LUCAS This is not a representation of the English language. This is another language with different diction and different sentence structures and syntax. It’s a very complex language actually, and very hard to learn. I’m the slowest learner in the room when it comes to A.S.L.

EMERY There are certain things that just elude me completely. The sign for Knox, my son’s name, is a K and an X, and I have to practice it every day, like on the bus. I have to just keep doing it, because I stumble on it. I only have really the one speech, but it’s taken me weeks and weeks to get it down. It’s really fun to talk with your hands. And as frustrating as the day is long — the two things, mixed.

HARVARD It’s always a pleasure to see actors learning A.S.L. for the role. It’s harder when actors have to simultaneously speak and sign the lines. I applaud them because it’s a talent. In real life, you don’t speak Spanish and English at the same time.

Working on Two Levels

SABRINA DENNISON The shadow actors will all be signing fully in American Sign Language, while the characters in the play will sign as their characters would (some fluently, some haltingly, some signing and speaking). The set will be bi-level so that both are happening simultaneously.

EMERY To be an actor and know that there is somebody who is signing behind you who is playing the same character as you — there has to be an awareness of “can she see me so that she can sign what I’m saying?”

HARVARD They’re above us on the upper stage, which makes it quite challenging because some shadow actors who are completely deaf have to stay in sync with the actors on the lower level.

FOXX My job is to shadow Knox.

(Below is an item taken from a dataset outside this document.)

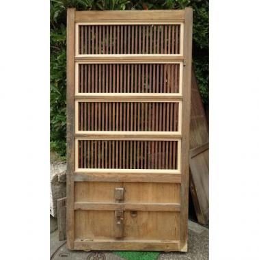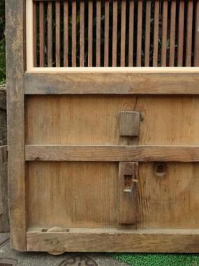 明るめの茶色です。色落ちした箇所は、木目が美しく見えます。 木材の味わいがでてきた頃合いです。 高さ1,767mm幅900mm厚み52mmです。 詳細お問い合わせください。
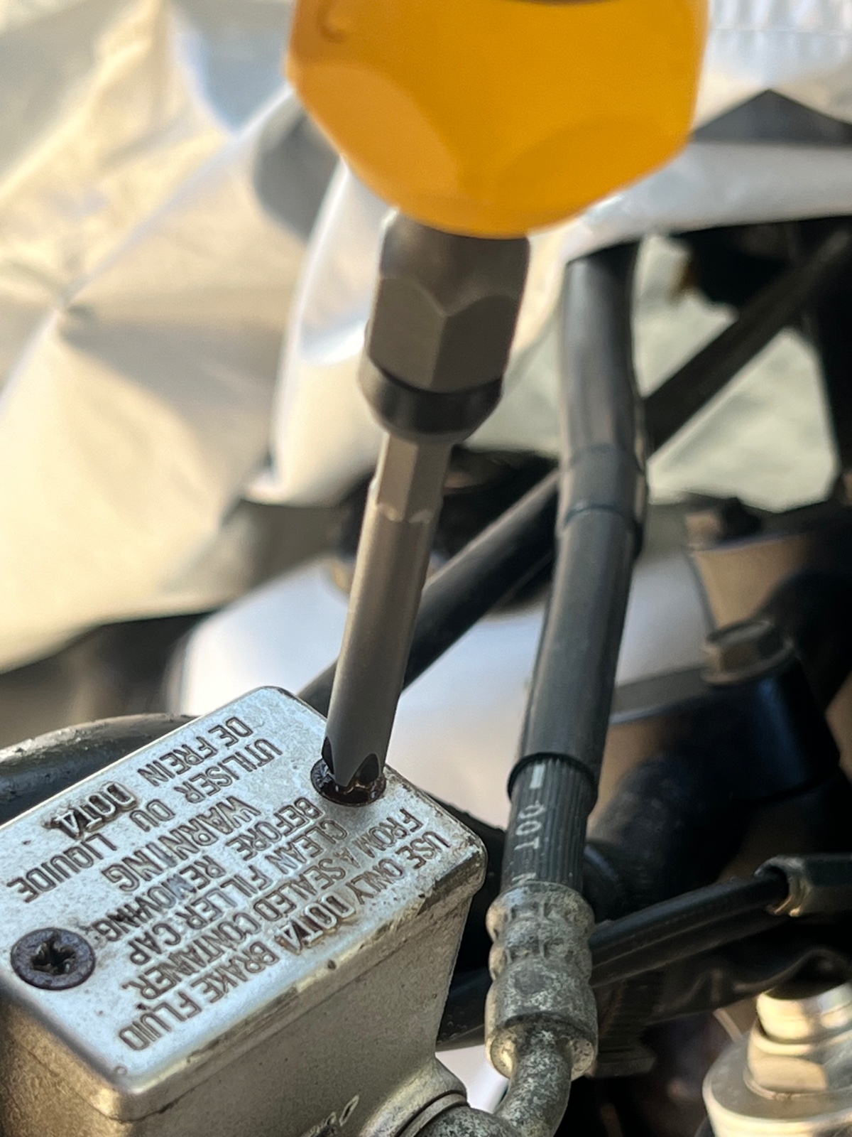 Hatte Probleme die Schrauben zu öffnen. Bremsflüssigkeit war seit vielen vielen Jahren nicht gewechselt worden und die Schrauben fest. Beim Versuch mit einen normalen Schraubendreher sind sie gleich ausgeniddelt.

Since Russell Harvard is already fluent in A.S.L., I don’t need to sign at all until he speaks in English. That’s when I start signing for the character. We have to rely on body language, timing or lip-read. It takes a lot of practice.

RAFAELI For a hearing audience, the distraction can be more of a danger because we’re not exposed to A.S.L., whereas A.S.L. speakers and the deaf community, their muscle is more trained to absorb those two realities because they’ve had to fit into a hearing culture.

DENNISON Our challenge is to blend them seamlessly so that both deaf and hearing audiences will be able to follow the action, taking advantage of the access being provided without being overwhelmed by it all.

RAFAELI It’s an extraordinary thing to witness the deaf artists in communication with the hearing artists, making decisions together, finding rhythm together.